Es lo Cotidiano

Ni blanca ni morena

María Elisa Aranda Blackaller

Ni blanca ni morena

Cierro los ojos y tomo tu mano; es como si estuvieras conmigo. 

Piso esta tierra como si mis pies la abrazaran, pero mis brazos no la tocan porque es posible que haya qué soltarla de nuevo. Estar lejos me da paz alrededor y me provoca una guerra interna porque sé que es en México donde cualquier cosa que haga hará más felices a más personas. Cuando me voy es como si me convirtiera en un libro; la gente me lee, me sigue, pero nadie siente lo que hago ni puede identificarse con lo que vivo.

Esta vez fui hacia ti y el libro fue mi México. Te lo leí en nuestros desayunos de domingo con música clásica y huevos tibios hechos con precisión para acompañar el extracto de levadura untado en pan perfectamente tostado. Lo llevé en el María y el Aranda que no me dio trabajo y escondido en el acento foráneo de Elisa Blackaller. Me acompañó en esa caminata por la calle cuando descubrí que alguien nos seguía y te jalé conmigo para que nos perdieran la pista. Nada estaba afuera, todo venía conmigo, como esa primera mexicana en el departamento de Antropología y esa extraña estudiante que se puso a negociar una beca para los siguientes guanajuatenses que pisaran esas tierras. Guanajuatense, qué adjetivo tan difícil de aprender, yo no sabía cuánto. México estuvo ahí con “María, the Mexican”. Nunca mi piel había sido tostada ni mi cabello oscuro sino hasta que lo dijiste tú. Nunca mi nombre había sido tan excitante ni mi baile tan exótico. 

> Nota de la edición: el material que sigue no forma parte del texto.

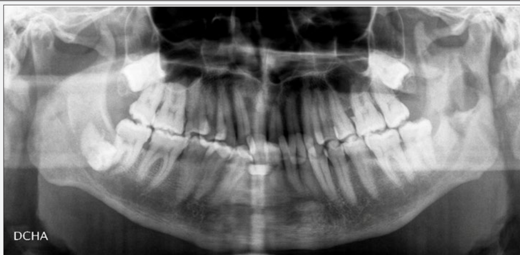
Figure 3 : Postsurgical panoramic view showing the beginning of healing in the surgical area.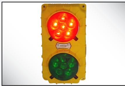
Exterior Lights - standard with LED for longer life.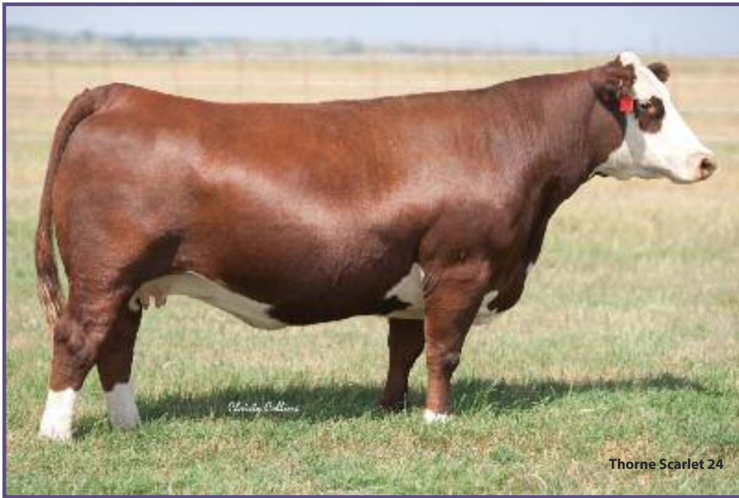
Thorne Scarlet 24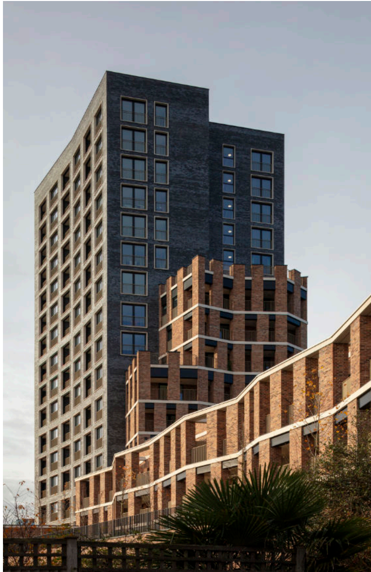
Juniper House by Pollard Thomas Edwards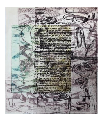
Composition 20 Size: 12" x 5 1/2" Media: overlapping etching plates, mono print 2019

This was the first time I overlapped plates in the printing process. It had taken a long time to discover and achieve this result. At this point I was overlapping only etching plates. Almost a year later I realized I could overlap different types of plates. I discovered this possibility when I printed over the prints left behind by other students in the garbage or recycled paper drawer.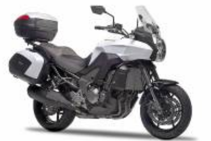
Versys 1000 Grand Tourer + $333.89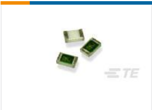
TE Part #5-1879337-9 CPF 0603 10K 1% 50PPM 1K RL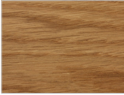
oak without knots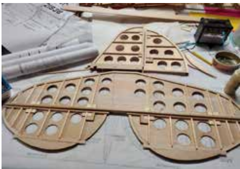
Dave Rawling's Cessna Airmaster with 8 wingspread!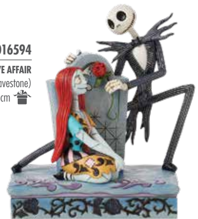
6016594 A GRAVE AFFAIR (Jack & Sally Gravestone) Height: 16.0cm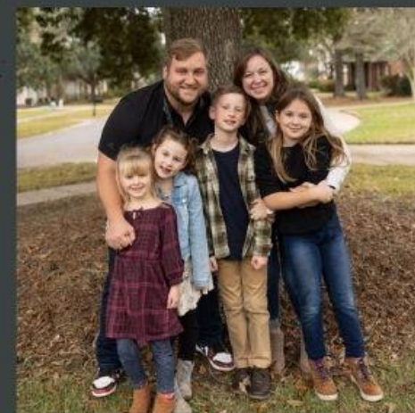
Harrison & Taylor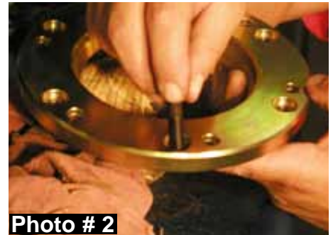
Photo # 2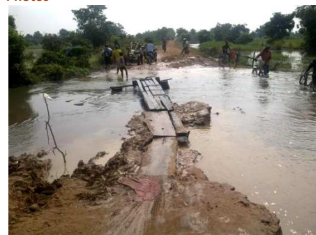
This is the usual route to the school

Nunca me había sentido tan foránea sino hasta que aquella mujer me colgó el teléfono por no ser británica. Así me negó el trabajo para el que mi currículo había parecido ideal. Inglaterra era mi casa, hace mucho, cuando mi apellido aún vivía ahí. Luego volvió a serlo cuando me enamoré de ti. Pero no para ellos, los que dicen que los inmigrantes somos problemáticos. Es que cada quién tiene su metro cuadrado en el mundo, pero yo no sabía. Todavía me cuesta trabajo ver la línea imaginaria entre Inglaterra y Escocia. Por fortuna, a México lo separa un océano. Así me ha sido más fácil entender que mi pasaporte allá no funciona, como tampoco el cargador de mi celular ni los billetes con la imagen de Netzahualcóyotl.

En mi país no se estudian otras culturas como una materia escolar. Uno veía en una página a los otomanos y en otra a los otomíes. Pero en esa pequeña islita del norte se estudia a Medio Oriente como una licenciatura del mismo modo que nuestro vecino del norte ofrece estudios latinoamericanos en sus universidades. Somos el otro. Somos el norte que no es Norteamérica y el oeste que no es western. Somos esa sociedad que desesperadamente busca un abuelo cuando su papá no le presta atención. Pero no hay papá y no hay abuelo para México. Lo hay para los mexicanos; somos gente que cobija pero a nivel personal. Nos hacen zoom out y ya esas cosas no se ven. A nivel público somos resentidos; eternos adolescentes incomprendidos.

Al regresar sentí como si quisiera adoptar a México para quitarle la orfandad. Ver cómo tanta gente ignora las bendiciones de nuestro clima, de nuestra libertad, de tantas maravillas que tiene nuestra cultura, me dio mucha tristeza. En las redes sociales la gente pide que otros países presionen al nuestro, que las naciones unidas salgan al rescate y que papá mundo nos ampare.  No entiendo. Cuando me hicieron la entrevista para una de las becas con las que me fui a estudiar a Inglaterra, me preguntaron según mi experiencia internacional qué era lo que tenían otros países que nos estaba faltando para despegar como un país desarrollado. Nada, les dije. Tenemos demasiado y quizá es ése el problema. No importa qué tan mal vayan las cosas, casi nunca están demasiado mal porque, en la mayor parte del país, ni quedándonos en la calle el frío es tan frío. Nos pasa que damos por hecho, nos pasa que buscamos que alguien más haga. (Aquí debo morder mi lengua y reconocer que yo tampoco estoy haciendo gran cosa, ciertamente mucho menos de lo que podría si fuera suficientemente valiente para realizar alguna de las muchas ideas que me pasan por la mente cada día. Aunque me equivocara, aunque hiciera tonterías o ridiculeces, ¿qué habría qué perder aparte de tiempo e ingenuidad?) México es un niño que no quiere independizarse, que no quiere vivir solo ni pagar su propia renta o hacerse de comer con sus manitas. México tiene gente que le pide a Canadá que nos quite de la lista de países seguros para poder tener el beneficio de emigrar y que le solicita a la comunidad europea que nos ponga un bloqueo económico. 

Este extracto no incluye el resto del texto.